No que depender do conselho do Facebook, Mark Zuckerberg, fundador da rede social, pode ter seu poder limitado futuramente. Isso porque, na visão dos executivos, é uma boa ideia realizar essa ação caso o criador do site decida deixar a administração da empresa em algum momento. 

A proposta que foi enviada a U.S. Securities and Exchange Comission (SEC) na última quinta-feira (2) solicita a remoção do controle majoritário do voto de Zuckerberg. Para isso, o conselho pediu aos acionistas para votar em uma proposta que visa converter as ações de classe B do criador da rede social para papéis de classe A caso ele não ocupe mais uma posição de liderança. 

A ideia é fazer com que os poderes do futuro chefe do Facebook não sejam ilimitados

Com essa medida, a ideia é fazer com que os poderes do futuro chefe do Facebook não sejam ilimitados, e, dessa forma, garantir que o time não permaneça em “uma companhia controlada por seu fundador depois de deixarmos de ser uma empresa liderada pelo fundador”, menciona um documento feito pelo conselho. 

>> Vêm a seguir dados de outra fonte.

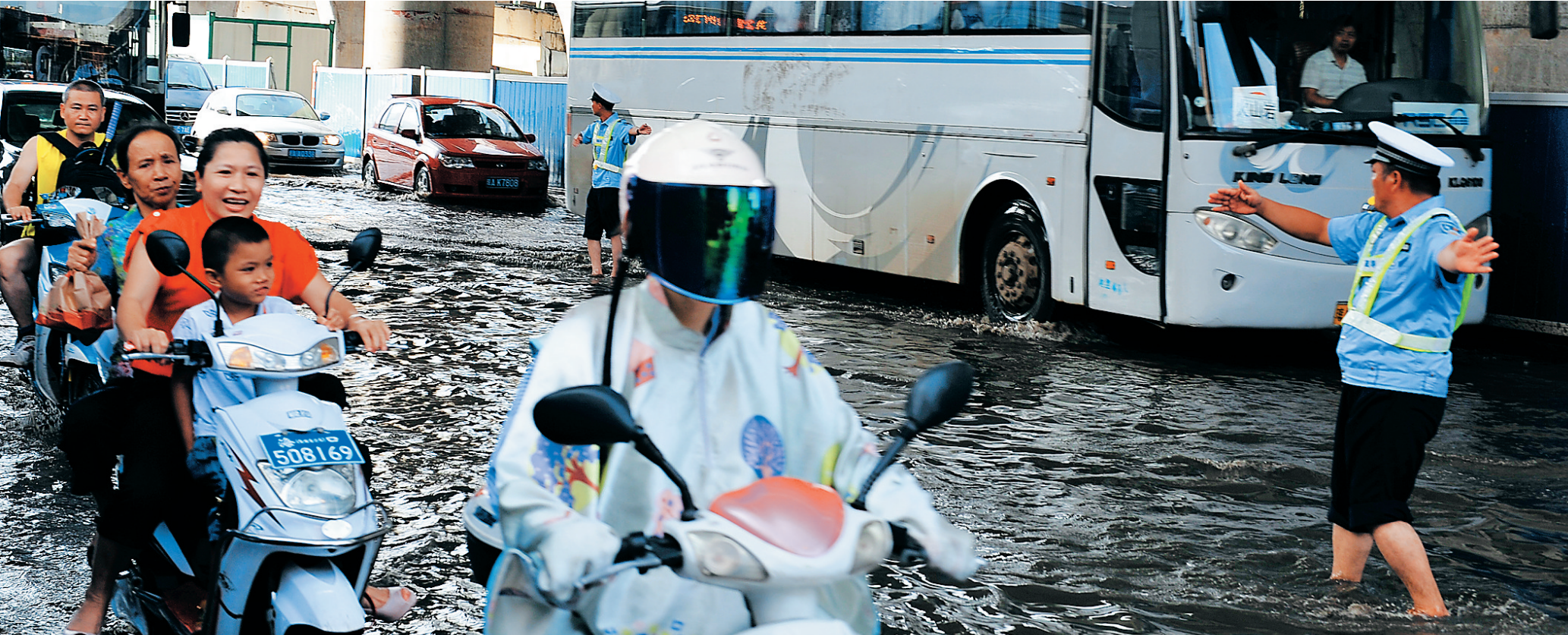
水中交警温暖市民回家路 28日下午5时左右,一场大暴雨让海口市龙昆南路南大桥下积水严重,桥下的施工路段坑洼不平,汽车尤其是电动车极有可能误入水坑造成险情。两名交警脱掉鞋子、卷起裤脚,站在水坑中,指挥过往车辆安全通行。

Vale mencionar que a proposta em questão será votada em uma assembleia geral do Facebook, que está agendada para acontecer em 20 de junho.

Conselho precisa do apoio dos acionistas para levar adiante a ideia de diminuir os poderes de Mark Zuckerberg

Grandes poderes, grandes responsabilidades 

Caso esteja curioso para saber o tamanho do poder de Zuckerberg dentro do Facebook, foi informado que, até o dia 2 de junho, ele detinha cerca de quatro milhões de ações da classe A e aproximadamente 419 milhões da classe B. Esse conjunto representa mais ou menos 53,8% do poder de voto total e 14,8% da quantia final de interesses econômicos em circulação. 

Vale lembrar, em dezembro do ano passado o próprio fundador da rede social havia mencionado seu plano de doar 99% de suas ações para a Chan Zuckerberg Initiative, instituição criada pela esposa do executivo que tem como principal propósito realizar ações que visam ajudar na erradicação da pobreza.